Write code in Python that parses fund holdings pulled from EDGAR, given a ticker or CIK, and writes a .tsv file from them.
Alec Hsu
People can invest in mutual funds that hold many stocks and bonds. Funds list what they own every quarter, so investors can get a sense of what they are actually exposed to, e.g. a "21st Century Tactical Technology Fund" does not just own 50% AAPL and 50% GOOG. Fund holdings are listed on the SEC website, EDGAR.
For this example, we will use this CIK: 0001166559 Start on this * page, enter in the CIK (or ticker), and it will take you * here.
Find the "13F" report documents from the ones listed, parse and generate tab-delimited text from the xml, write the text to a file.

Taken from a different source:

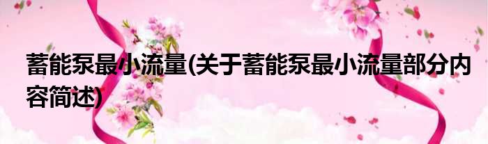 蓄能泵最小流量(关于蓄能泵最小流量部分内容简述)
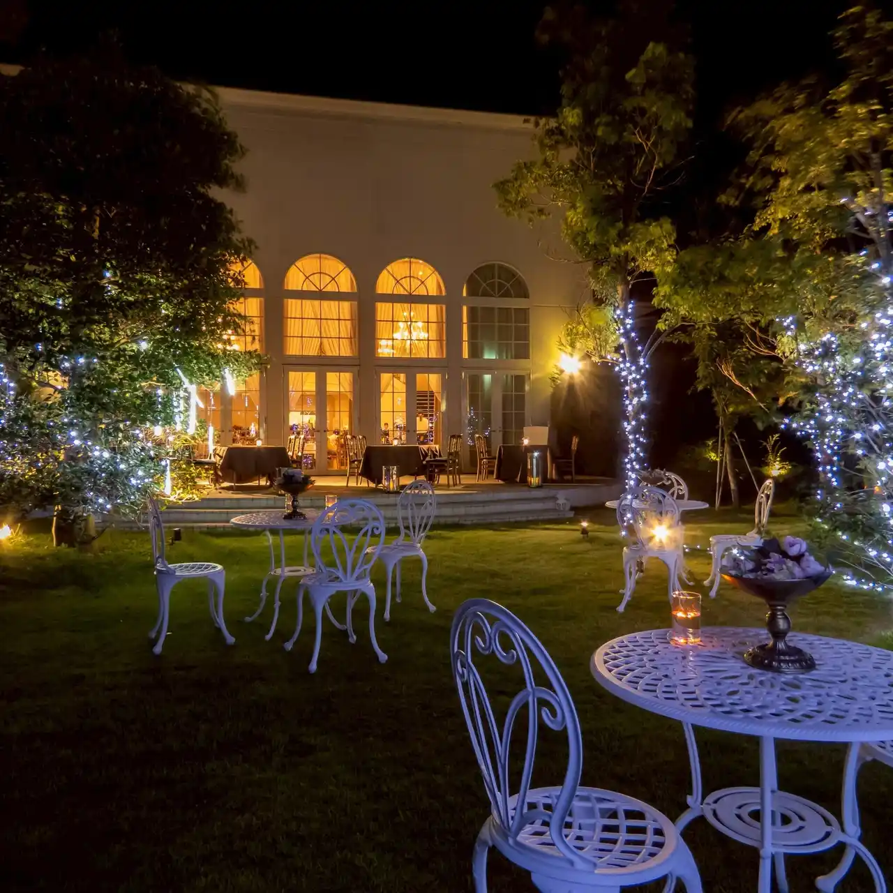 イルミネーションに輝くローズガーデンや、クラシカルなホール席を舞台に、大切な人と過ごす上質な秋の夜。世界的庭園デザイナーが手掛けた「錦庭」と白亜の洋館が織りなす非日常空間で、倉敷初の“ラグジュアリー・ビアガーデン”を御体感いただけます。 |

Your code should be able to use any of the following mutual fund tickers:
Gates Foundation | 0001166559
Caledonia | 0001166559
Peak6 Investments LLC | 0001756111
Kemnay Advisory Services Inc. | 0001555283
HHR Asset Management, LLC | 0001397545
Benefit Street Partners LLC | 0001543160
Okumus Fund Management Ltd. | 0001496147
PROSHARE ADVISORS LLC | 0001357955
TOSCAFUND ASSET MANAGEMENT LLP | 0001439289
Black Rock | 0001086364
Assume you need to fetch only the most recent report, but consider how you could get previous ones. Be sure to check all of the included tickers, since the format of the 13F reports will differ. Let us know your thoughts on how to deal with different formats.
Create a virtualenv
to have a cleaner environment for package dependencies and actiavte it
virtualenv venv
Activate
source venv/bin/activate
This file is written in Python 3
, please install/check Python 3 version.
Python -V
Install required packages
pip install -r requirements.txt
Run the EDGAR.py
following by one or more CIK number(s) to parse from EDGAR website.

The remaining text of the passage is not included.